Upon completion of these requirements and the dissertation, the student will receive a designation on their transcript to state that they have completed a “Ph.D. in (…) with an Emphasis in Film & Media.”

Seminars

Please note that descriptions will vary according to the instructor. Additional seminars with substantial film or visual culture components are offered by various departments each semester.

Film & Media 200: Film Theory

This course will provide an advanced introduction to the by-now substantial field of Film Theory. Equal attention will be given to the classic texts of early and of contemporary Film Theory, and to the theoretical issues raised in each. It will not be the governing assumption of this course that an implicit teleology underpins the development of Film Theory, leading from primitive to ever more sophisticated formulations; consequently, while we will of course read that discipline’s founding texts through the prism of the late twentieth century, we will also complicate its contemporary debates through the work of figures like Benjamin, Eisenstein and Kracauer. Although the theoretical category to which we will most insistently return will be spectatorship, it will be formally as well as narratively and ideologically specified, and complicated through the related notions of “race,” “gender,” “class,” “nation” and “history.” We will read texts by Siegfried Kracauer, Walter Benjamin, Bela Belazs, Andre Bazin, Sergei Eisenstein, Jean-Louis Baudry, Christian Metz, Laura Mulvey, Stephen Heath, Linda Williams, Thomas Elsaesser, Tom Gunning, Mary Ann Doane, Kaja Silverman, and Gilles Deleuze.
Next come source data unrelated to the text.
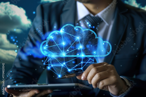 Businessman using a digital tablet with a holographic cloud network, symbolizing cloud computing and data connectivity.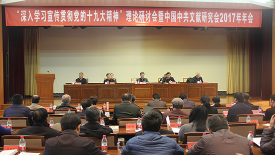 中国共产党新闻网北京11月28日电 (记者赵晶)为深入学习宣传贯彻党的十九大精神,深刻领会习近平新时代中国特色社会主义思想,中共中央文献研究室和中国中共文献研究会今日在北京举办“学习宣传贯彻党的十九大精神”理论研讨会。来自中央纪委、中央对外联络部、中央文献研究室、中央党史研究室、国家发展和改革委员会、中国社会科公司、国家行政公司、中国人民解放军军事科公司、中国光大集团等部门的领导和专家学者共100余人参加会议。中央文献研究室主任、中国中共文献研究会会长冷溶出席会议并作主旨发言。中央文献研究室副主任、中国中共文献研究会副会长陈晋主持会议。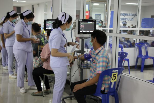 โดย นายแพทย์จิรภัทร กัลยาณพจน์พร รองผู้อำนวยการฝ่ายการแพทย์ โรงพยาบาลเจ้าพระยายมราช กล่าวว่า ก่อนฉีดวัคซีนต้องมีการคัดกรอง เช่น มีโรคประจำตัว มีอาการแพ้ยาหรือไม่ ถ้าผ่านเกณฑ์ก็รับบริการฉีดวัคซีนได้ เมื่อฉีดแล้วมีจุดนั่งพักนาน 30 นาที เพื่อดูอาการข้างเคียง แต่ถ้าไม่ผ่านเกณฑ์ก็จะไม่ได้ฉีดวัคซีน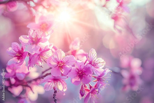 pink blooming sakura tree in spring, ray of bright morning sunshine cuts through gloomy clouds and backlights the tree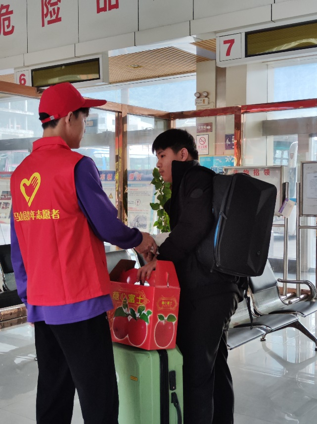 在活动现场,2021级专升本4班林桂兰和2023级计本班韦翔、傅晨希同学身着统一的志愿者服装,脸上洋溢着青春、阳光的笑容,活跃在车站的各个角落。他们利用自己的知识储备和技能,耐心、热情地为归途的旅客提供信息咨询、票务协助、行李搬运、应急救援、交通安全劝导、出行建议等帮助,用实际行动践行了“人民至上”“助人为乐”的理念,展现了新时代青年的责任与担当,也让返乡的旅客旅途充满温馨。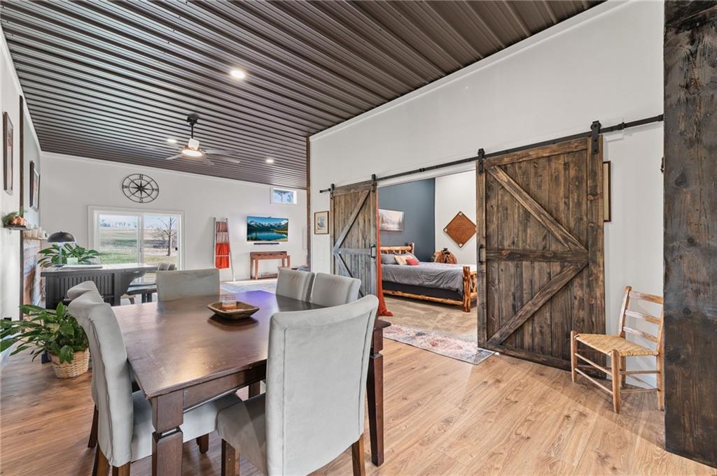 Welcome to your private slice of country paradise! Nestled on over 7.5 acres, this stunning barndominium has been thoughtfully expanded and upgraded to offer the perfect blend of charm, functionality, and wide-open space. Now featuring over 2,100 square feet, the home includes an additional bedroom, living area, and dining space—giving you room to spread out while maintaining that cozy, inviting feel. The newly added space is truly stunning, showcasing rustic lap siding accents, sliding barn doors, and an abundance of natural light pouring in through sliding glass doors that open to peaceful views of the pond. Whether you're sipping coffee at sunrise or unwinding at sunset, this space delivers. Fresh interior paint, brand-new carpet and LVP flooring make the home feel crisp and move-in ready, while the open-concept layout keeps everyday living easy and connected. Outside, the property is ready for your hobby farm dreams with newly added fencing for horses and a charming outbuilding featuring two stalls. With plenty of room to roam, garden, or simply enjoy the quiet countryside, this property offers a lifestyle that’s hard to find. With these thoughtful additions and updates, it truly delivers the best of both worlds: modern comfort paired with peaceful country living. This is more than just a home—it’s a lifestyle.

Film & Media 201: Film Historiography

The seminar provides both a theoretical overview of film historiography and an introduction to specific examples and methods of historically oriented film research. One focus of the seminar will be an introduction to methodological aspects to film-archival research. Students will become familiar with campus libraries, film collections, and archival resources, especially Pacific Film Archive. The seminar’ s theoretical project will be to develop a repertoire of historiographical questions that can help shape research information into historical narrative. On the one hand, we will examine metahistorical writings on film history from the past two decades for an understanding of the questions undergirding various kinds of investigations. On the other, we will examine interesting case-historical examples dealing with film technology, style, studio history, exhibition, spectatorship, and cultural history.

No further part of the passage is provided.